Exercise goal: Output the complete listing exactly, please, and keep the pictures out of it.

Given data:
- - - -

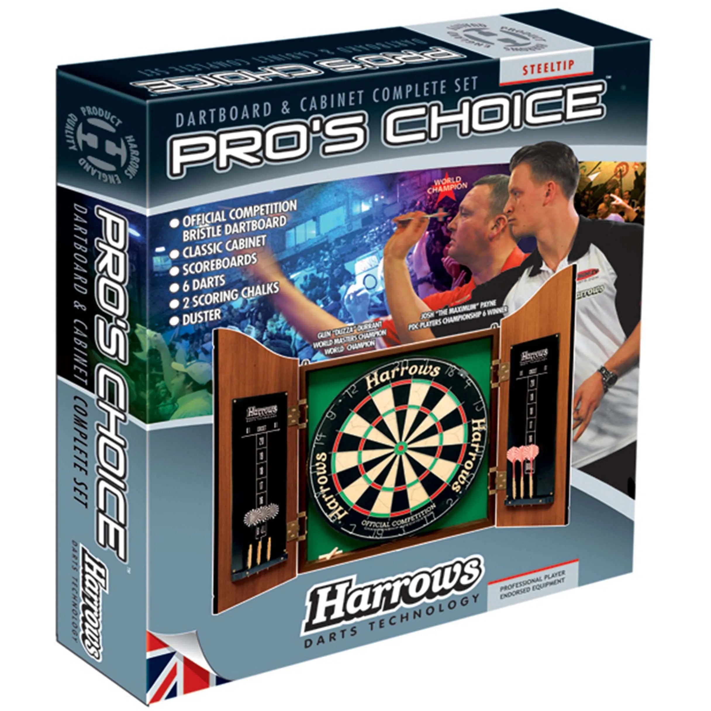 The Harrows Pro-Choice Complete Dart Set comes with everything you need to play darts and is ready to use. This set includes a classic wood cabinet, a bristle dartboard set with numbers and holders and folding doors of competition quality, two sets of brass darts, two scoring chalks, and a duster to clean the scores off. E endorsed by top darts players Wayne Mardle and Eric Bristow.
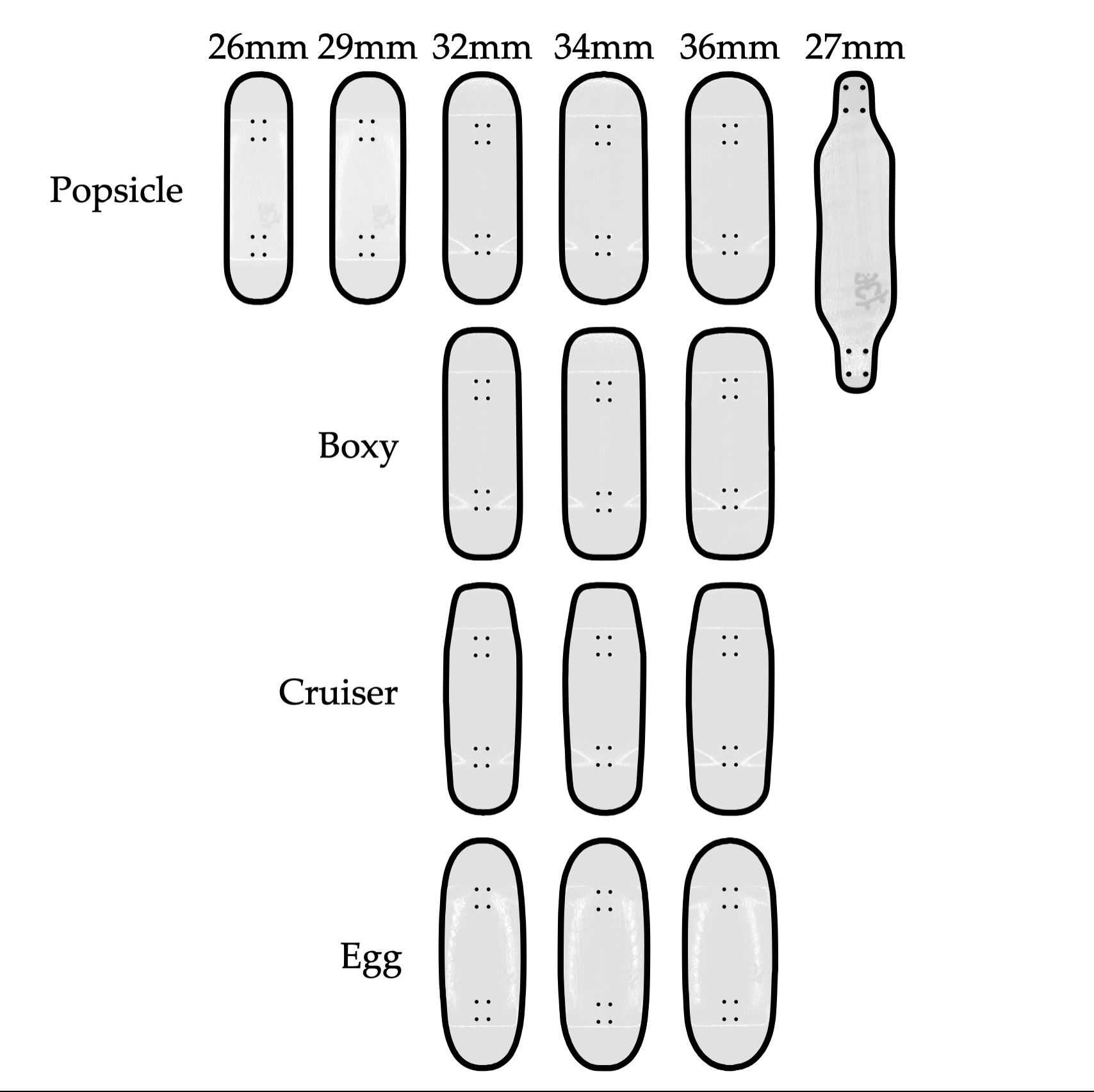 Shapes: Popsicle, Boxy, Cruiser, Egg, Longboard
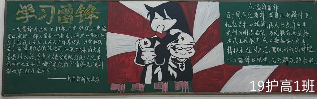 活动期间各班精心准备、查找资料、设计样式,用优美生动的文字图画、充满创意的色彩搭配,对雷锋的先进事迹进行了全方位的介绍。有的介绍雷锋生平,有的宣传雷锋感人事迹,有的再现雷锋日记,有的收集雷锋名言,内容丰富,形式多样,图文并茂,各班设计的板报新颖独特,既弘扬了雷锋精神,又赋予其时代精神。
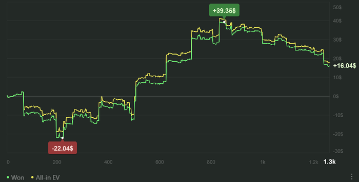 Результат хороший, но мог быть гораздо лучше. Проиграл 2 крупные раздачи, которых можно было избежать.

- - - -

Task result:
 The Harrows Pro-Choice Complete Dart Set comes with everything you need to play darts and is ready to use. This set includes a classic wood cabinet, a bristle dartboard set with numbers and holders and folding doors of competition quality, two sets of brass darts, two scoring chalks, and a duster to clean the scores off. E endorsed by top darts players Wayne Mardle and Eric Bristow.
 Shapes: Popsicle, Boxy, Cruiser, Egg, Longboard
 活动期间各班精心准备、查找资料、设计样式,用优美生动的文字图画、充满创意的色彩搭配,对雷锋的先进事迹进行了全方位的介绍。有的介绍雷锋生平,有的宣传雷锋感人事迹,有的再现雷锋日记,有的收集雷锋名言,内容丰富,形式多样,图文并茂,各班设计的板报新颖独特,既弘扬了雷锋精神,又赋予其时代精神。
 Результат хороший, но мог быть гораздо лучше. Проиграл 2 крупные раздачи, которых можно было избежать.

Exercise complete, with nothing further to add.